Yeah, if those toys are all "wildly irresponsible" then today's children are even weaker than I thought (although, okay, the nuclear science and lead-casting ones are questionable). I had a meths-powered steam engine similar to that one and if I'd been a more practical child I probably would've used it to power all kinds of crazy devices. And I remember making a cloud chamber in high school chem in about 1994, alpha source and everything.

I also have fond memories of my dad taking me to a chemical supply shop to buy potassium nitrate for homemade gunpowder, although I think he made me wait in the car outside.
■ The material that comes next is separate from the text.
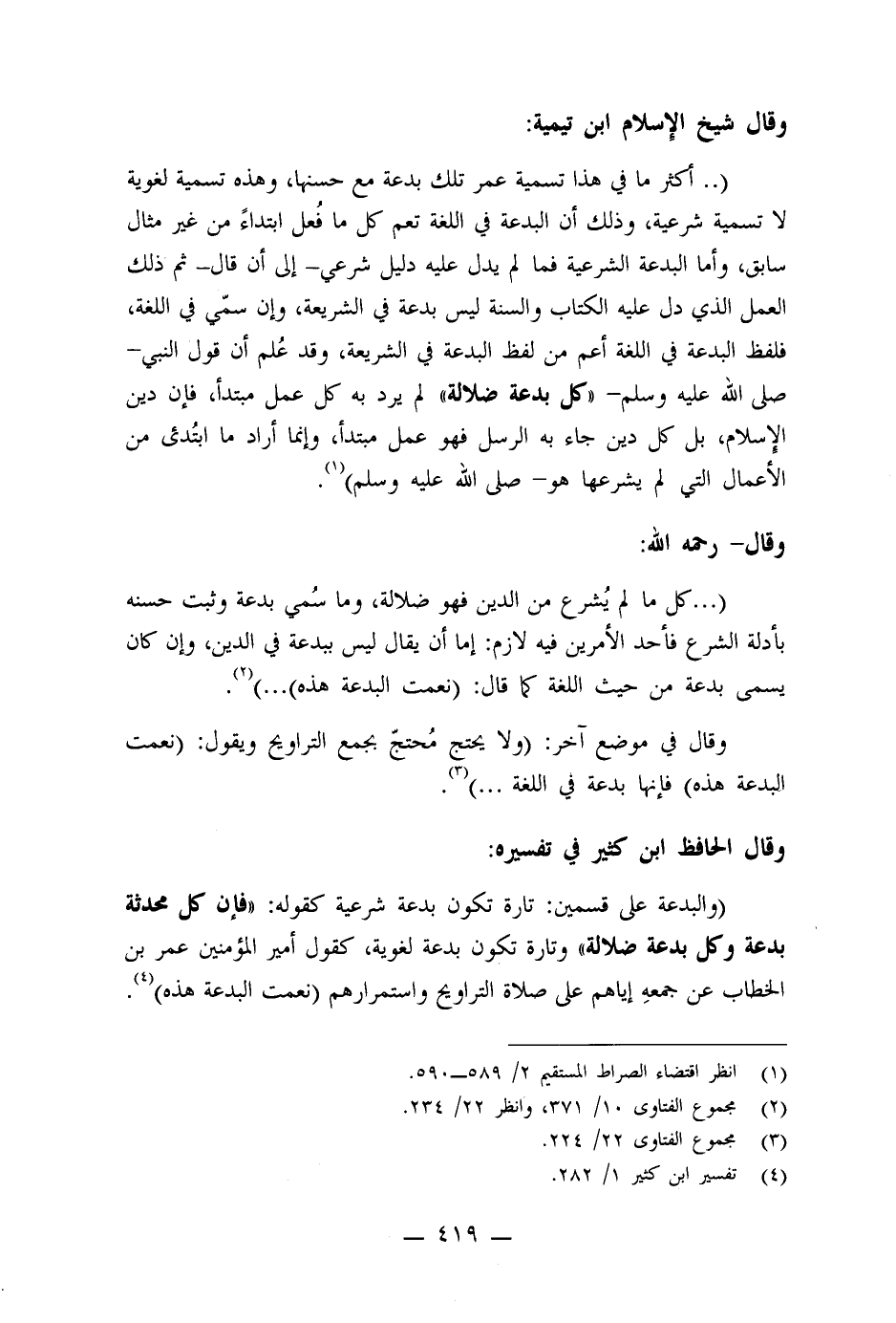 ( ... أكثر ما في هذا تسمية عمر تلك بدعة مع حسنها، وهذه تسمية لغوية لا تسمية شرعية، وذلك أن البدعة في اللغة تعم كل ما فُعل ابتداء ً من غير مثالٍ سابق ٍ، وأما البدعة الشرعية فما لم يدل عليه دليل شرعي - إلى أن قال - ثم ذلك العمل الذي دل عليه الكتاب والسنة ليس بدعة في الشريعة، وقد عُلم أن قول النبي صلى الله عليه وسلم لم يرد به كل عمل مبتدأ، فإن دين الإسلام بل كل دين جاء به الرسل فهو عمل مبتدأ، وإنما أراد ما ابتدئ من الأعمال التي لم يشرعها هو صلى الله عليه وسلم) .

This was in the late '80s; these days he'd end up on at least three different government registers if he did something like that.
posted by A Thousand Baited Hooks at 2:28 AM on January 10, 2012


I'm all for the revival of all the "wildly irresponsible" toys that launched a generation of engineers, scientists, and visionaries, as opposed to what thirty years of pearl-clutching fear-state consumer safety mafia has given us, which is a generation of kids trained to be afraid of the outdoors, of traffic, of "strangers," and of all risk (with no concept of risk mitigation), who consume the world predigested from screens and are so utterly dependent on constant entertainment that a ten minute drive to the store requires the use of flip-down DVD screens in the car. By the time they finally crawl out of their LCD dungeons, they've got so much pent-up energy that all they can do is act out Jackass over and over.
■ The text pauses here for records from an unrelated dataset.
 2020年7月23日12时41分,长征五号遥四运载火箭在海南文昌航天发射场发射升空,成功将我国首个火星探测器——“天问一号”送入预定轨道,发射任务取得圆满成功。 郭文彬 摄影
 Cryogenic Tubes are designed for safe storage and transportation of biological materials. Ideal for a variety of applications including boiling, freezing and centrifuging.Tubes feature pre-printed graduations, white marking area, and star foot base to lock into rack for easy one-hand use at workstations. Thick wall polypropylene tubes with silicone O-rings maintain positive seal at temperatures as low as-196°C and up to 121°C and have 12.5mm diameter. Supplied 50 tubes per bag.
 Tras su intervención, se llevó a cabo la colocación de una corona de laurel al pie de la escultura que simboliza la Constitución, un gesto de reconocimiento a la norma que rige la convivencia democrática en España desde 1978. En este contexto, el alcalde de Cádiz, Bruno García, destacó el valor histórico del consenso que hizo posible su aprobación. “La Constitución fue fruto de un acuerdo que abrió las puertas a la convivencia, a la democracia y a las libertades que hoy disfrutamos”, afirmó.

Honestly, just the atomic playset alone would go a long way in giving people a realistic understanding of nuclear science, rather than the panicky ninny reaction most have about such things. Being able to use a geiger counter and understand that radiation doesn't act like a virus, a magical invisible gas (as a rule), or Ice 9 is important.

Luckily for me, my parents were holdouts from another age. They did eventually take the real electric vintage toy iron from me, not because it was dangerous, but because I was a kid when most of our clothes were polyester and nylon and I kept melting all my button-down shirts with photographs of people rollerskating, surfing, and driving baja buggies.
posted by sonascope at 7:26 AM on January 10, 2012


Kadin2048, the radiation sores on the 'Radition Boy' are scary !

They're not radiation sores, they're probably from meth use.

Yes, meth is scary!

(Link goes to a blogger who seems quite idiotic in his constant defence of nuclear materials as harmless, but in this instance I think he's insightful and most likely correct in fingering meth for the sores.)